Привыкший воспринимать все, что происходило с ним и вокруг него, как естественное течение жизни и обычно говоривший себе, что все, что ни идет, все к лучшему, Павел впервые за всю свою жизнь в Мокше почувствовал в это утро, что было что-то будто нарушено в этом общем (и всегда восходящем для него) течении жизни и что, несмотря на доводы, какие он обычно проводил в оправдание Романа, он не мог теперь ни понять сына, ни простить ему этого поступка. «На всем готовом, учись, выходи в люди, так… с нашим ли умишком, с нашими ли мозгами?» — желчно поднималось в сознании Павла. В нем не только не было сейчас той облегченности, с какою еще месяц назад, когда было получено первое письмо от Романа, он ответил Екатерине на ее беспокойство, что «свадьба так свадьба, чего тут, справим» и что все, что потребуется для нее, «найдем, достанем», но видел себя в том положении обмана, как если бы в красиво сметанном по осени стогу сена вдруг в середине зимы, когда пришла пора вскрыть его, обнаружилось, что оно было подмоченным, попрело и не годилось для корма. Он видел, что как будто вскрыт был не стог, а жизнь с ее обнажившейся непрочной сердцевиной, и хотя Павел понимал, что из одного только поступка Романа нельзя делать общих выводов (в конце концов, недоучился один, так их у него еще вон сколько!), но в этом поступке сына точно так же, как Павел обычно угадывал главное направление жизни, он уловил то модно поощрявшееся теперь всюду стремление молодежи к ранней самостоятельности — лишь бы из дома, от родителей, от их быта! — на какое прежде, он только слышал, многие жаловались в деревне, но какое, как болезнь, он видел, проникло теперь и в его дом. Что можно было противопоставить этому, он не знал, и он смотрел на жену, читавшую телеграмму, с тем напряженным вниманием, как будто могло что-то измениться от того, как воспримет все и что скажет Екатерина.
— Так что будем делать? — спросил он, когда Екатерина, перечитав несколько раз телеграмму, как будто трудно было понять, о чем говорилось в ней, опустила перед собой руки. — Ну женился, ладно, черт с ним, но для чего институт бросать? И разве у нас своей земли мало, чтобы где-то там, в Кустанае, работу искать?

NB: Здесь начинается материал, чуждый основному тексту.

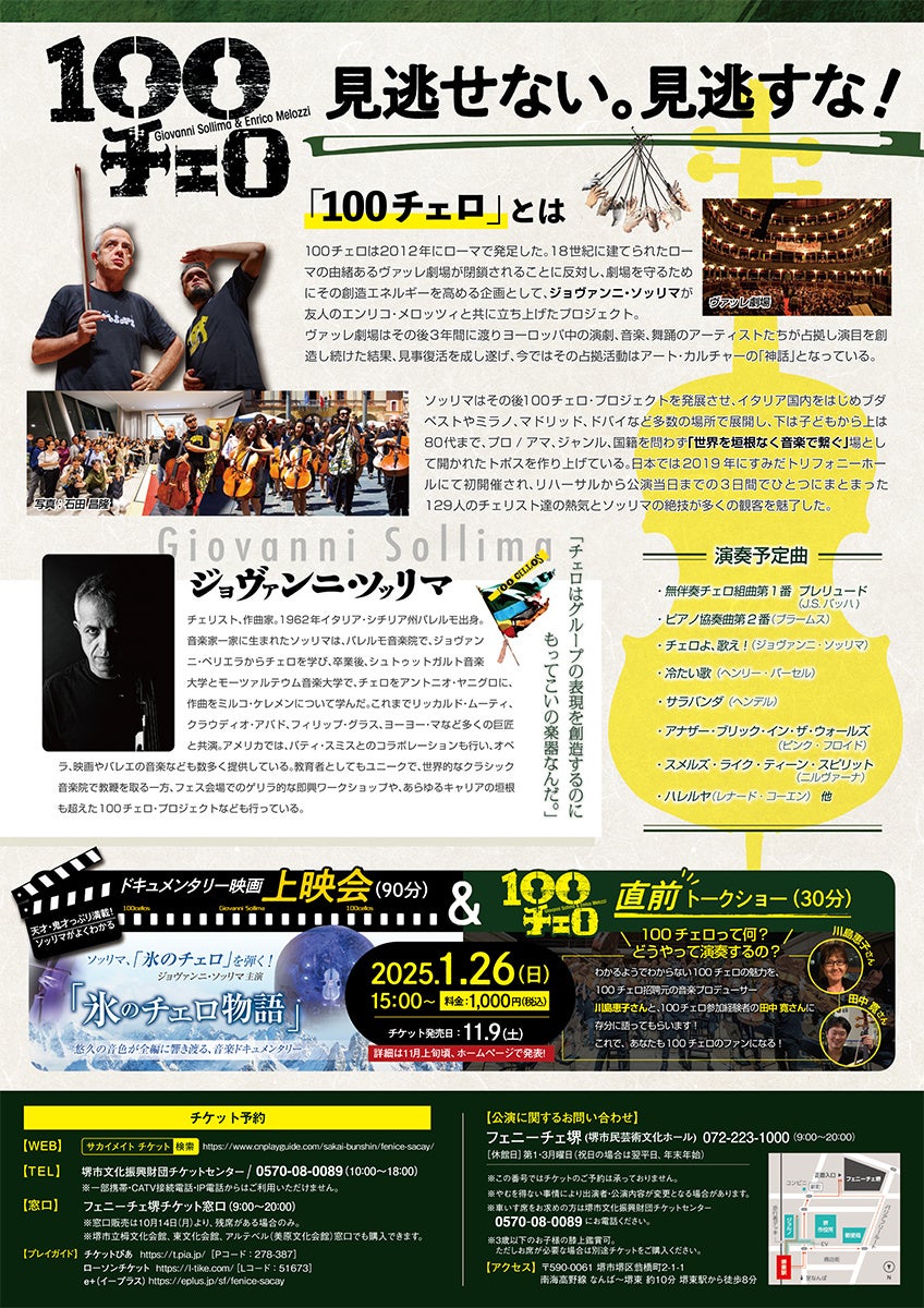 この度フェニーチェ堺(指定管理者:公益財団法人堺市文化振興財団)は、開館5周年を記念して、2025年3月30日(日)に世界的な天才・鬼才チェリスト、ジョヴァンニ・ソッリマとチェリスト、エンリコ・メロッツィを中心に100名のチェリストを一堂に集めた「100チェロ・コンサート」を関西初開催します。

Слава богу, вон ее сколько, и какая! — только имей охоту и руки.
Не знаю, Паша, я ничего не знаю, — торопливо ответила Екатерина, опять принимаясь за то свое дело, какое она делала каждый день, чтобы накормить и отправить детей в школу. Но в душе ее шла та же работа, что и в душе Павла; она точно так же, сколько ни думала об этом, не могла принять женитьбу Романа, и лишь в отличие от Павла, который во всем осуждал сына, винила невестку, что не хватило у той ума («Коли уж выбрала», — говорила Екатерина) не ломать ни себе, ни ему (то есть Роману) будущее. — Одно скажу, — добавила она, — мы ведь сами хотели, чтобы дети наши…
— Дурака учиться послали, а не жениться. Учиться! — прервал ее Павел, не в силах сдержать раздражение, какое поднималось в нем против Романа и должно было вылиться на кого-то. — А вы чего уши порастопырили? Не вашего еще ума, а ну в чашки, в чашки и… марш! — прикрикнул он на Александра и Валентину (и на меньших: Петю и Таню), которые, забыв, что им надо в школу, смотрели на отца и мать и прислушивались к разговору.
— Да на них-то зачем? — заступилась Екатерина.
— А затем! Рано еще… знать все. — И Павел, присев рядом с детьми к столу, принялся молча и безвкусно есть то, что подала ему Екатерина; лишь в конце завтрака, не отводя взгляда от того, что он ел (и обращаясь более к себе, чем к Екатерине), он негромко проговорил: — Надо вечером съездить в Сосняки к Дорофею. Будем колоть. — Он сказал о том деле, которое не могло как будто особенно волновать его, потому что так ли, иначе ли пора было колоть кабана; но заколоть его ближе к зиме было выгоднее, и Павел, всегда с охотою бравшийся только за то, что по крестьянским соображениям его должно было принести лишь пользу и выгоду хозяйству, вынужден был теперь делать другое, что вытекало не из потребностей его деревенской жизни, а неоправданно и ненужно как будто навязывалось ему.